At the time I had felt almost spellbound outside that little inn, and I wanted to go in. I’m sure you know what it’s like to see a house from the train or on a walk, and think all of a sudden: oh, why don’t I live here? I could be happy in this place. I think such an idea occurs to everyone sometimes, and when you have looked at a house for a long time secretly wishing to live happily in it, everything about it is imprinted on your memory. For years I remembered the red and yellow flowers growing in window boxes, the wooden first-floor gallery, where laundry was fluttering like colourful banners the day I saw it, the painted shutters at the windows, yellow on a blue background with little heart-shapes cut out of the middle of them, and the roof ridge with a stork’s nest on the gable. When my heart felt restless I sometimes thought of that house.
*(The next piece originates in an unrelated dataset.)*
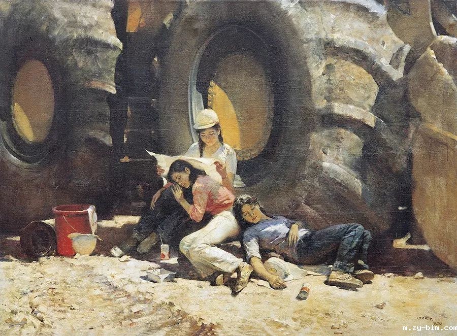 杨培钊认为:《特区(的)正午》是一幅颇为成功的作品。画面刻划的是三个青年女工午餐后休息时情景。一个在看报又担任着警戒任务,二个相互偎依的躺着,背景是一辆现代化的大型机车的轮胎,真大,大到三个人只比上它一只角。从这个局部的细节处理中,可以透见施工的现代化程度和规模。从人物形象,服装特征,阳光和色调中,可以透见典型的环境。三个女工形象塑造很成功,体态极美,动作也不矫揉做作。从形象、服饰、动作举止上能透见她们的文明程度和时代气息。她们热爱劳动,因为她们热爱无限美好的现实生活。他们的工作虽普通又平凡,即在平凡之中寓不平凡之意。美好生活的幸福大厦就是她们这些平凡的普通劳动者的双手建成的,她们无名,然而却是真正的英雄。特区的建设者,美好生活的缔造者们百忙之中的这一小息,又美,又有诗意。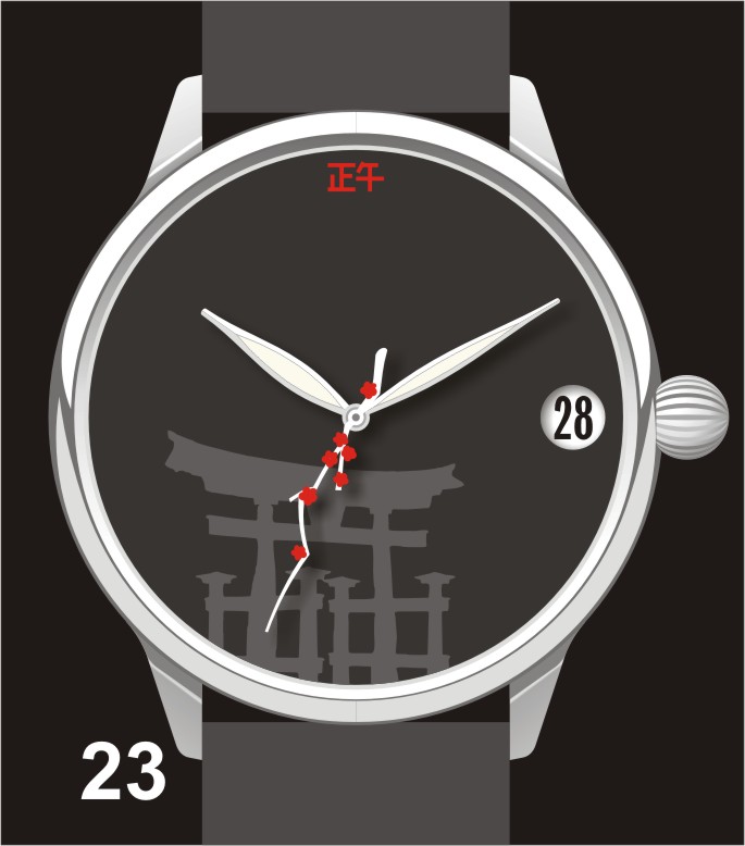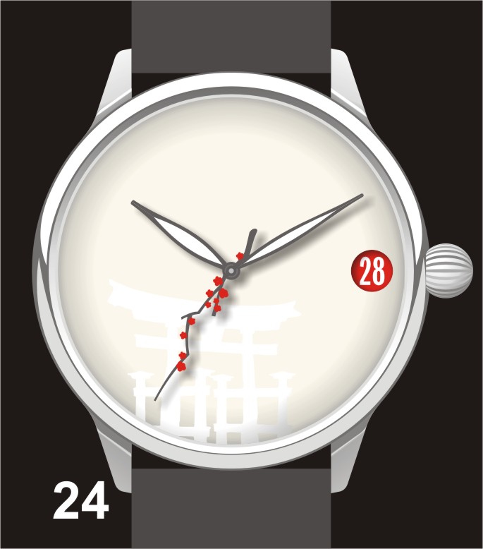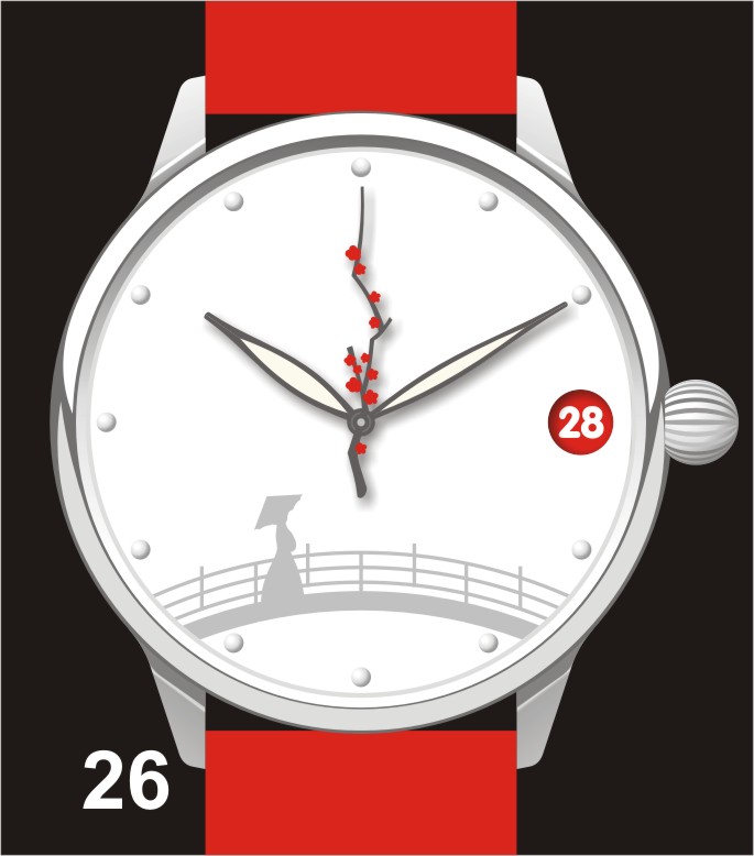 Главное, в процессе создания дизайна, не скатиться к образу девчачьих часов за 500 рублей. Пока большинство решений выглядят именно так, к сожалению. Может быть стоит отказаться от всяких картинок, на циферблате? Сделать его серебряным, к примеру или цвета слоновой кости. Сделать часы более строгими. С уклоном в "винтаж". Идея с японскими мотивами безусловно хороша, но если её можно реализовать лишь аляповатой картинкой, может стоит отказаться от неё, или обозначить гравировкой на задней крышке или ЗГ, баклей и т.д. ...

How nice it would be to go there for a day, I would think, in the dreamy, half-unconscious way that you think of something impossible. And now wasn’t this my best chance to make my old, and by this time almost forgotten, wish come true? Wasn’t the prettily painted house on the mountainside, an inn without the tiresome amenities of our modern world, with no telephone or radio, the very thing for overtired nerves? I would have no visitors there, and there would be no formalities. As I called it to mind again, I thought I was breathing in the strong, aromatic mountain air, and hearing the far-off ringing of rustic cowbells. Even remembering it gave me fresh courage and made me feel better. It was one of those ideas that take us by surprise apparently for no reason at all, although in reality they express wishes that we have cherished for a long time, waiting in the unconscious mind. My husband, who didn’t know how often I had dreamt of that little house, seen only once years ago, smiled a little at first but promised to make enquiries. The proprietors replied that all of their three guest rooms were vacant at the moment, and I could choose whichever I liked. All the better, I thought, no neighbours, no conversations; and I went on the night train. Next morning, a little country one-horse trap took me and my small suitcase up the mountain at a slow trot.
It was all as delightful as I could have hoped for. The room was bright and neat, with its simple, pale pine furniture, and from the veranda, which was all mine in the absence of any other guests, I had a view into the endless distance. A glance at the well-scoured kitchen, shining with cleanliness, showed me, experienced housewife that I am, that I would be very well looked after here. The landlady, a thin, friendly, grey-haired Tyrolean, assured me again that I need not fear being disturbed or pestered by visitors. True, the parish clerk, the local policeman and a few of the other neighbours came to the inn every evening to drink a glass or so, play cards and talk. But they were all quiet folk, and at eleven they went home again. On Sunday after church, and sometimes in the afternoon, the place was rather livelier, because the locals came to the inn from their farms or the mountains; but I would hear hardly any of that in my room.